Fifth Amendment – due process, double jeopardy, self-incrimination, eminent domain.
No person shall be held to answer for any capital, or otherwise infamous crime, unless on a presentment or indictment of a Grand Jury, except in cases arising in the land or naval forces, or in the Militia, when in actual service in time of War or public danger; nor shall any person be subject for the same offence to be twice put in jeopardy of life or limb; nor shall be compelled in any criminal case to be a witness against himself, nor be deprived of life, liberty, or property, without due process of law; nor shall private property be taken for public use, without just compensation.
Sixth Amendment – Trial by jury and rights of the accused; Confrontation Clause, speedy trial, public trial, right to counsel
In all criminal prosecutions, the accused shall enjoy the right to a speedy and public trial, by an impartial jury of the State and district where in the crime shall have been committed, which district shall have been previously ascertained by law, and to be informed of the nature and cause of the accusation; to be confronted with the witnesses against him; to have compulsory process for obtaining witnesses in his favor, and to have the Assistance of Counsel for his defense.
Seventh Amendment – Civil trial by jury.
In suits at common law, where the value in controversy shall exceed twenty dollars, the right of trial by jury shall be preserved, and no fact tried by a jury, shall be otherwise re-examined in any court of the United States, than according to the rules of the common law.
Eighth Amendment – Prohibition of excessive bail and cruel and unusual punishment.

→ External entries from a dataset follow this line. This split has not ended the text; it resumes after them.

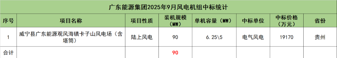 广东能源集团开标项目共1个,总装机规模为90MW,由电气风电1家整机商中标。
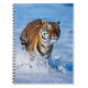 Notebook mit einem Foto-Druck eines schönen exotischen Tigers, der im Ozean läuft. Passen Sie dieses Objekt an oder kaufen Sie, wie es ist. Bild
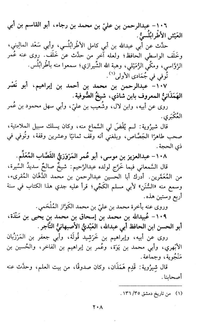 107 - عَبْد الرَّحْمَن بن محمد بن أحمد بن إبراهيم، أبو نصْر الهَمَذَاني، المعروف بابن شاذي، [المتوفى: 464 هـ]
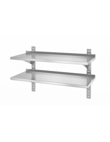 Svetsad konstruktion garanterar hållbarhet och stabilitet. Tillverkad av rostfritt stål. Stänkskydd 30 mm högt för att skydda varorna från att falla av hyllan. Möjlighet till demontering och hyllornas släta yta gör dem enkla att rengöra. Ungefärlig tillåten belastning på hyllorna är 25 kg/m². Setet innehåller 2 konsoler för upphängning på väggen.
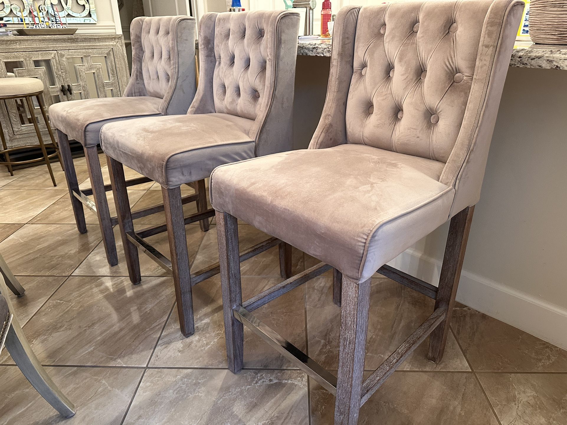 ✨ High-Quality Tufted Barstools – Like New! (Set of 3) ✨ Price: $200 for all three (sold as a set) Upgrade your kitchen or bar area with these gorgeous, gently-used barstools! They’re in excellent, like-new condition and come from a smoke-free home. ✔️ Features: • High-performance, easy-to-clean fabric • Elegant tufted backs • Stylish gold accents • Sturdy gray sand-washed wood legs • Modern, on-trend design • Extremely comfortable and supportive 40 inches total height, Seat 24 inches high. These barstools look designer-level and elevate any space instantly. Only selling because I’m changing my décor. 📏 Quantity: Set of 3 💰 Price: $200 for the full set 🚚 Pickup: Boca Raton Message me if you’d like more photos:
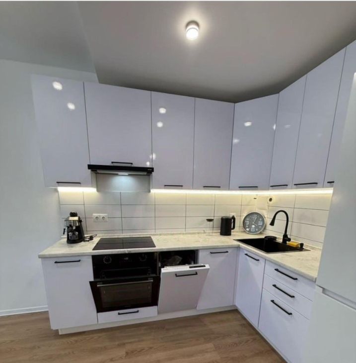 -на кухне установлена мебель,
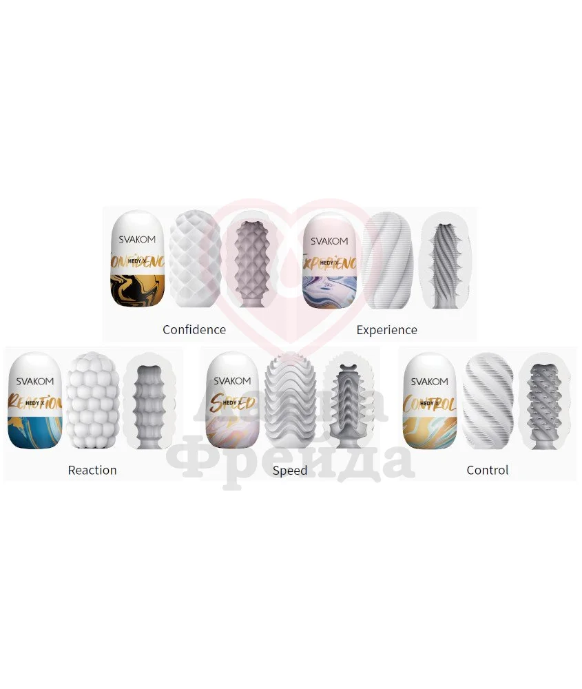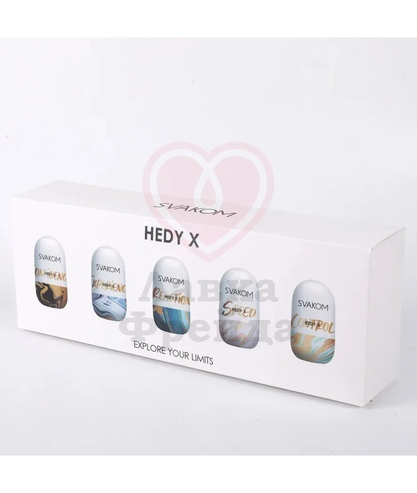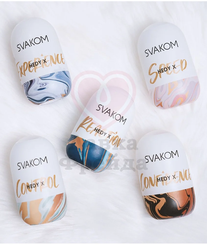 В комплект входят 5 нежных компактных мастурбаторов из серии Svakom Hedy X, обладающие разными рельефами, чтобы вы смогли оценить их все! Каждая игрушка упакована в прочный корпус-капсулу, внутри которой находится мягкое удовольствие из термопластичного эластомера.
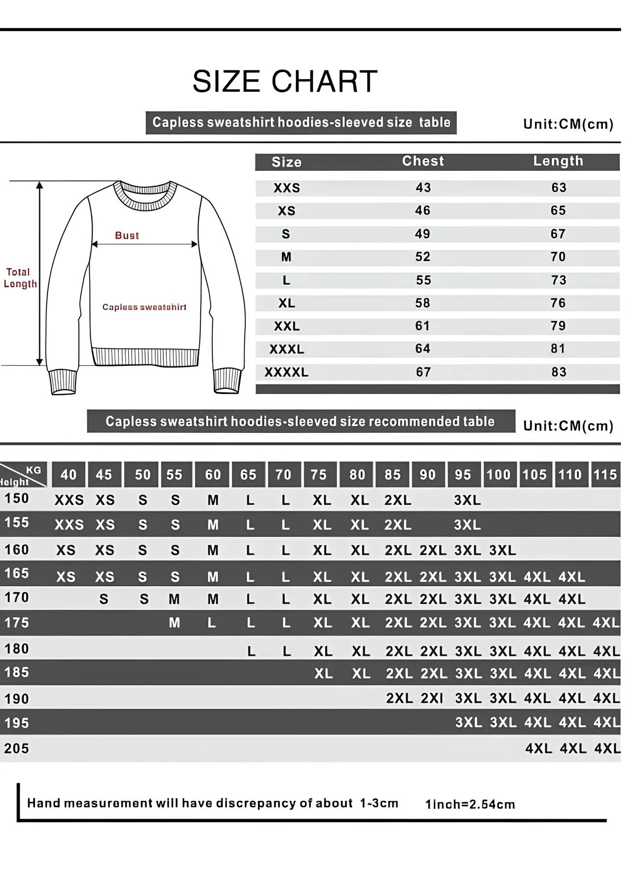 Sizes: “XS”, “S”, “M”, “L”, “XL”, “2XL”, “3XL”, “4XL”
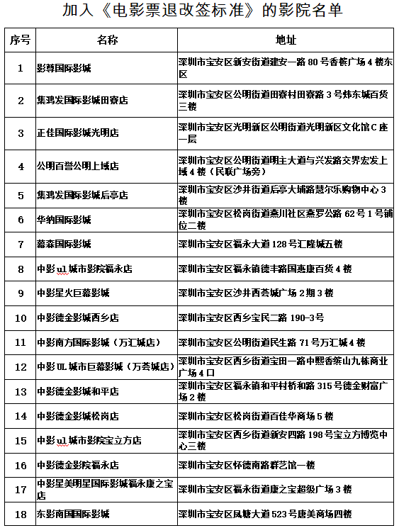 深圳新聞網(wǎng)2019年9月3日訊 2019年3月,深圳市消委會(huì)聯(lián)合深圳市電影發(fā)行放映協(xié)會(huì)于全國率先牽頭推出《電影票退改簽標(biāo)準(zhǔn)》(以下簡稱《標(biāo)準(zhǔn)》)后,截至目前,深圳市內(nèi)共有86家影院自愿加入電影票“退改簽”標(biāo)準(zhǔn),切實(shí)維護(hù)消費(fèi)者的合法權(quán)益。
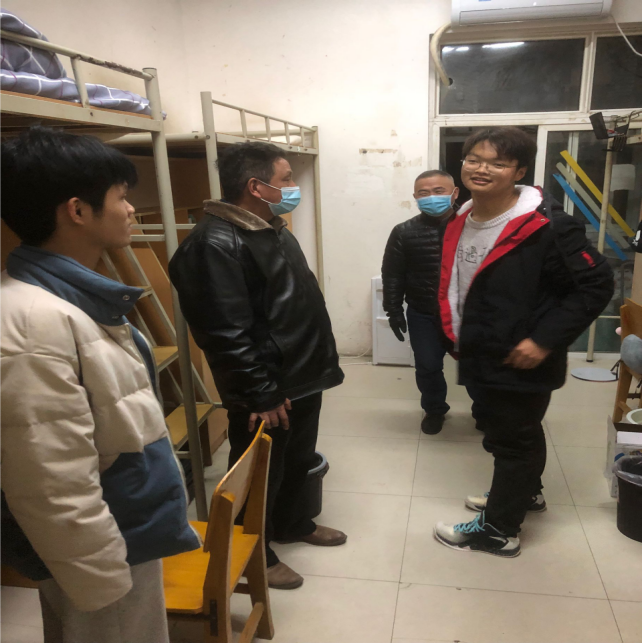 2月27日晚,Beat365唯一官方网站院长胡付高、党总支书记林先安、副院长张学新、党总支副书记艾明星等一行深入学生寝室,慰问春季返校学生,了解同学们返校的思想动态,传达学校疫情防控精神,为新学期开学做准备。全体辅导员、班主任参加了走访活动。
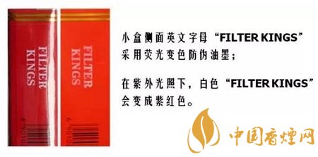 光變防偽涂層——小包側(cè)面“FILTER KINGS”字樣,經(jīng)陽光直射或紫外光照射后由白色變成紫紅色,停止照射后,紫紅色會(huì)逐漸消退。

Excessive bail shall not be required, nor excessive fines imposed, nor cruel and unusual punishments inflicted.
Ninth Amendment – Protection of rights not specifically enumerated in the Bill of Rights.
The enumeration in the Constitution, of certain rights, shall not be construed to deny or disparage others retained by the people.
Tenth Amendment – Powers of States and people.
The powers not delegated to the United States by the Constitution, nor prohibited by it to the States, are reserved to the States respectively, or to the people.